Contacts between people and various wild animals have become more frequent in and around the capital Tallinn in recent decades. Zoologist Uudo Timm said that continued urbanization plays a role, in addition to everyone having a smartphone in their pocket to record and share their encounters.
Large predators looking for new hunting grounds
Timm pointed out that encounters involving bears and lynxes have become more frequent in Tallinn in recent years. "Large predators have been doing well, their numbers are growing, which is why there are more encounters," Timm told ERR. "Large predators are usually territorial animals, and when populations swell, young males are often forced to go in search of their own grounds. That sometimes takes them to densely populated areas and new developments."
But it's not just animals coming to where people are. Human settlement, especially new suburban developments, are encroaching on habitats. "Man has expanded to where they live. The paths that animals use have developed over centuries, just as our roads have. We all want to conserve energy, and when an animal sees a path of less resistance, they will pick that path," the scientist said.

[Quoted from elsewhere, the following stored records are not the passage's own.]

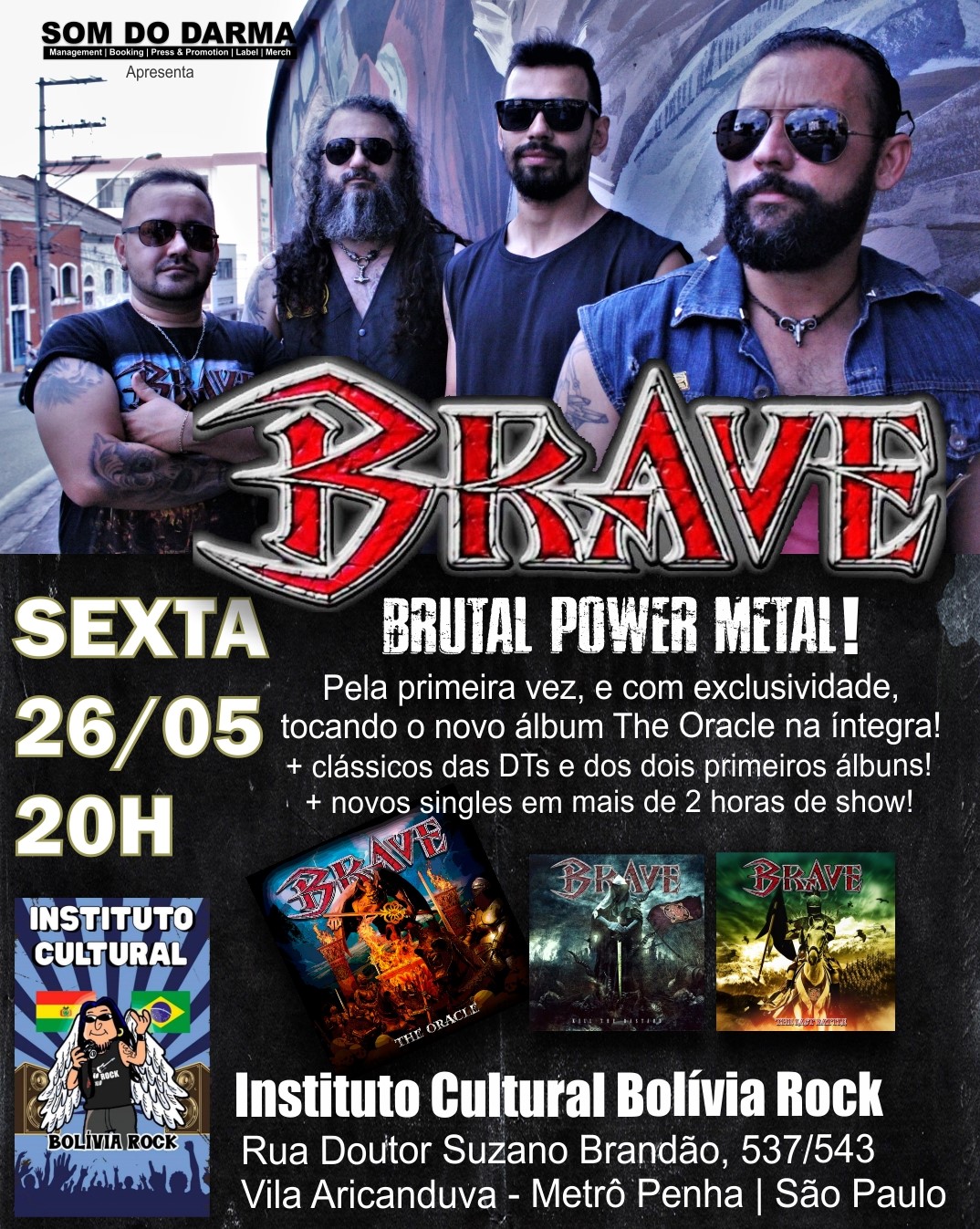 O Brave, que também está confirmado como uma das atrações do renomado Porthell Festival que acontece em Julho em Portel/PA, fará uma apresentação bastante especial nesta sexta-feira, dia 26 de Maio. Pela primeira vez, e com exclusividade, o grupo fará um show com mais de duas horas de duração e que incluirá o álbum “The Oracle” sendo tocado na íntegra. Não obstante, a banda ainda promete tocar os clássicos das primeiras demo tapes e dos dois primeiros álbuns, “The Last Battle” de 2012 e “Kill The Bastard” de 2016, além de seus novos singles.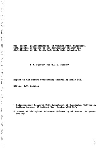 Title: | The recent palaeolimnology of Woolmer Pond, Hampshire, with special reference to the documentary history and distribution of the Natterjack toad, Bufo calamita L. |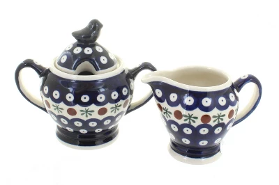 Refined ceramic cream and sugar set is the perfect companion for your daily pick-me-up with a bird topper for a vintage feel. Versatile designs match your decor so you can leave it out on display. Sugar Bowl-6-inch diameter x 5.25 inches tall. Creamer-0.75 cup capacity, 3.5 inches tall. The Art of Polish Pottery, as we know it today, started as local folk art centuries ago in the German province of Silesia. The first known pieces of “Bunzlauer” stoneware dating back to the 16th century were crafted by hand and decorated with a folk art stamping technique using potatoes. Original designs were inspired by the peacock feather using the colors of cobalt blue, sage green and ferrous red. These designs and colors are still the inspiration for modern day patterns.Today, skilled Polish artists still individually handcraft and hand decorate each piece using small sponges to stamp each pattern and color. After the process of mixing ingredients, molding the pottery, applying the decorations and glaze, the pottery is twice fired. This process makes the pottery extremely durable, it will not crack or chip easily, and it is perfect for use in the microwave, dishwasher, oven and freezer. Along with our pottery, we have sourced a range of absolutely beautiful hand blown glassware from Poland. It is the perfect addition to your Polish Pottery Collection!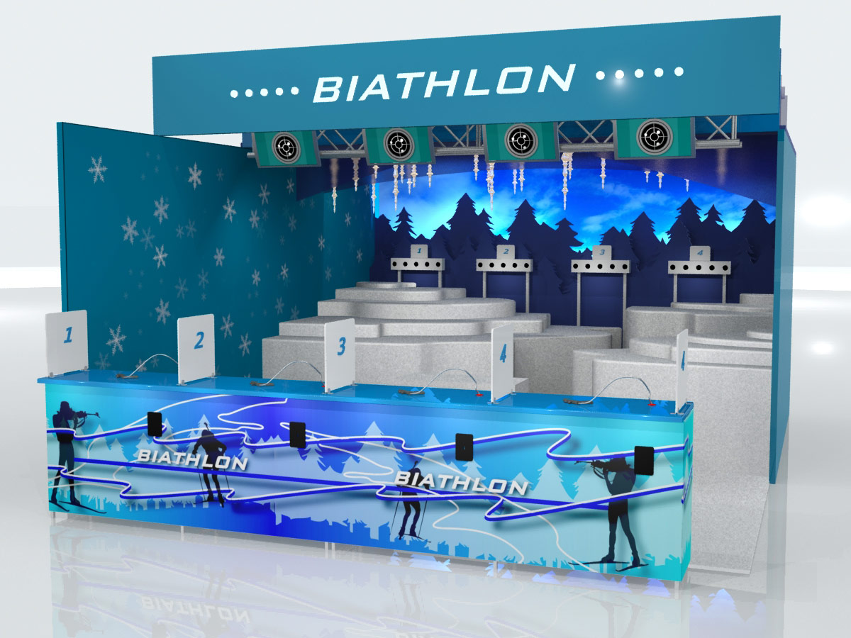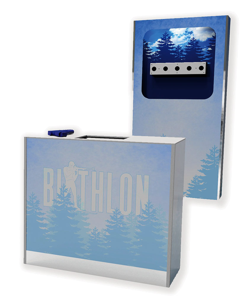 Based on our reliable optical shooting game for amusement parks we decided to develop a compact Biathlon shooting system for event organizers and rental companies. The whole game system fits on a single EUR pallet and is quickly set up for some fun shooting action.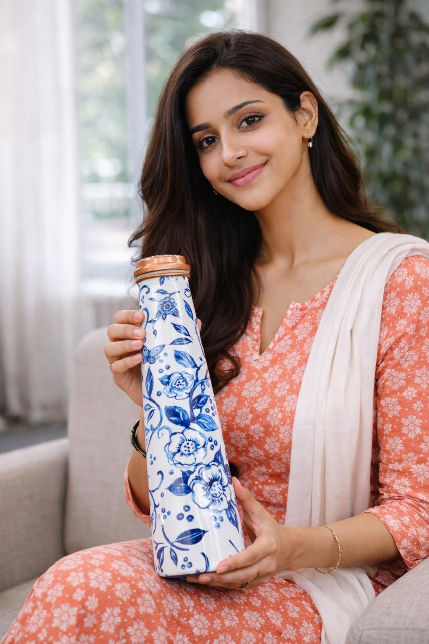 100% pure copper water bottle with a premium printed design and leak-proof cap. Eco-friendly, durable, and ideal for daily use, travel, and gifting while supporting a healthy lifestyle.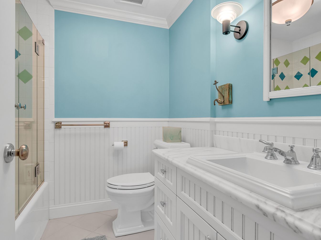 A compact, fresh bathroom featuring powder-blue upper walls and bright white beadboard wainscoting for a vintage touch. The white marble countertop sits atop a classic double-sink vanity with paneled cabinet fronts and chrome hardware. The toilet sits neatly beside the counter, beneath a chrome towel rack and adjacent to a small glass-and-tile shower. The shower is enclosed with glass and decorated inside with an accent tile band of green and blue diamonds. Modern chrome fixtures, a wall-mounted sconce, and a wall-mounted brass hook combine traditional details with a crisp, airy palette for a cheerful, clean ambiance.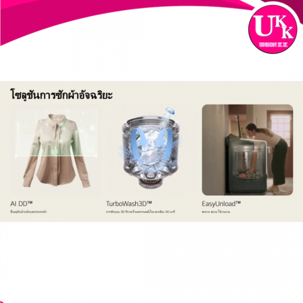เทคโนโลยี LG TurboWash3D™ มอบการทำความสะอาดที่ทรงพลังแต่อ่อนโยน ช่วยให้คุณซักผ้าได้มากขึ้นในเวลาที่น้อยลง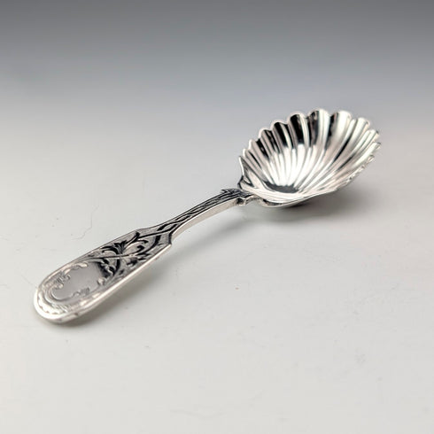 We would like to introduce you to an antique British sterling silver tea caddy spoon.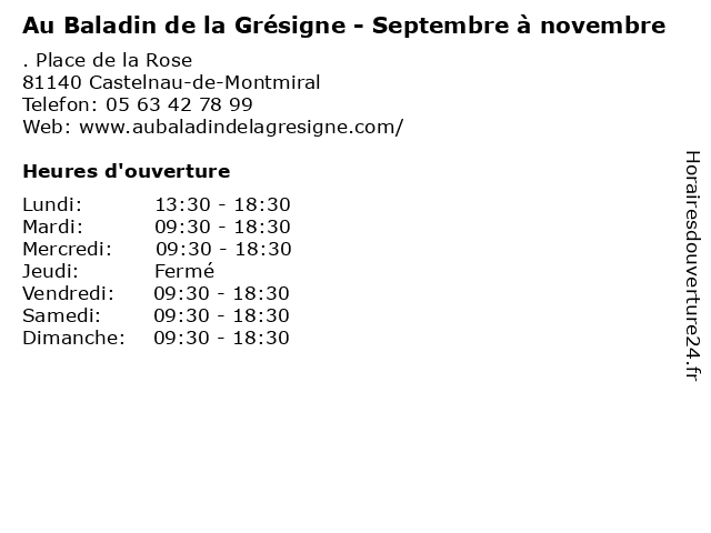 1 Au Baladin de la Grésigne - Juillet à septembre (Distance: 0,00 km) . Place de la Rose, 81140 Castelnau-de-Montmiral au, baladin, bouquinerie, de, gresigne, grésigne, juillet, la, restauration, salon de thé, septembre 2 Château-musée du Cayla - De 2 mai au 30 juin et du 1er septembre au 31 octobre (Distance: 7,92 km) - Le Cayla, 81140 Andillac 1er, 30, 31, au, cayla, château, de, du, et, exposition, juin, mai, musée, octobre, septembre, visite 3 Stations Bee's - Horaire De Septembre à Mai (Distance: 9,57 km) 11 rue Aristide Briand, 81600 Gaillac bee's, de, horaire, location, mai, septembre, stations, stations bee's, vélos 4 Muséum d'Histoire Naturelle - De novembre à mars (Distance: 9,57 km) 2 place Philadelphe Thomas, 81600 Gaillac d'histoire, de, exposition, mars, musée, muséum, naturelle, novembre, visite 5 Musée de l'Abbaye - Avril à Septembre (Distance: 9,81 km) - Place Saint-Michel, 81600 Gaillac 1er, 30, 31, août, au, avril, de, du, exposition, juillet, juin, l'abbaye, musée, septembre, visite 6 L'Auberge du Lac (Juin à Mi-Septembre) (Distance: 11,91 km) - Impasse du bord du Lac, 81310 Lisle-sur-Tarn auberge, brasserie, coquelicot, du, juin, l', l'auberge, lac, mi, restaurants, restauration, septembre |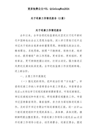 【七哥公文】2025年:(2篇)关于巡察工作情况报告+更多免费公文+VX:QiGeGongWen2024+更多免费公文+VX:QiGeGongWen2024

Animals' habitats and paths will increasingly intersect with people's in Estonia. "If a lynx discovers that there are suddenly houses and cars on its path or the area where it lives, it will have no idea what they are or where they came from. Therefore, a new suburbanite finding a lynx resting on the roof of their car one fine morning might not be all that surprising," Timm suggested.
Hares have settled in the capital
European hares have also become a far more common sight in Tallinn over the past few decades. "You could occasionally see them on the fringes of the city, where forests and fields began. But now they are increasingly settling in in urban parks and garden towns," the zoologist said. Hares can be a headache for gardeners in certain situations.
Timm could not say what exactly has brought the European hare to the city lately. "While I cannot give a concrete reason, they seem to like it here. Perhaps there are fewer natural enemies around, or perhaps foxes, who also frequent the city's greener parts, find easier ways of feeding themselves than chasing after hares."
The city of Helsinki has been wrestling with a similar but considerably more widespread problem for years. The Finnish public broadcaster Yle wrote in 2020 that estimates suggest there are thousands of rabbits living in the Finnish capital. While the authorities have tried to limit the animals' numbers, various measures have only found limited success. But Helsinki's rabbit population seems to be devastated by outbreaks of viral hepatitis from time to time.
Finnish scientists say that the rabbits like Helsinki's frequently soft winters of relatively little snow, easy access to food and the relative scarcity of predators.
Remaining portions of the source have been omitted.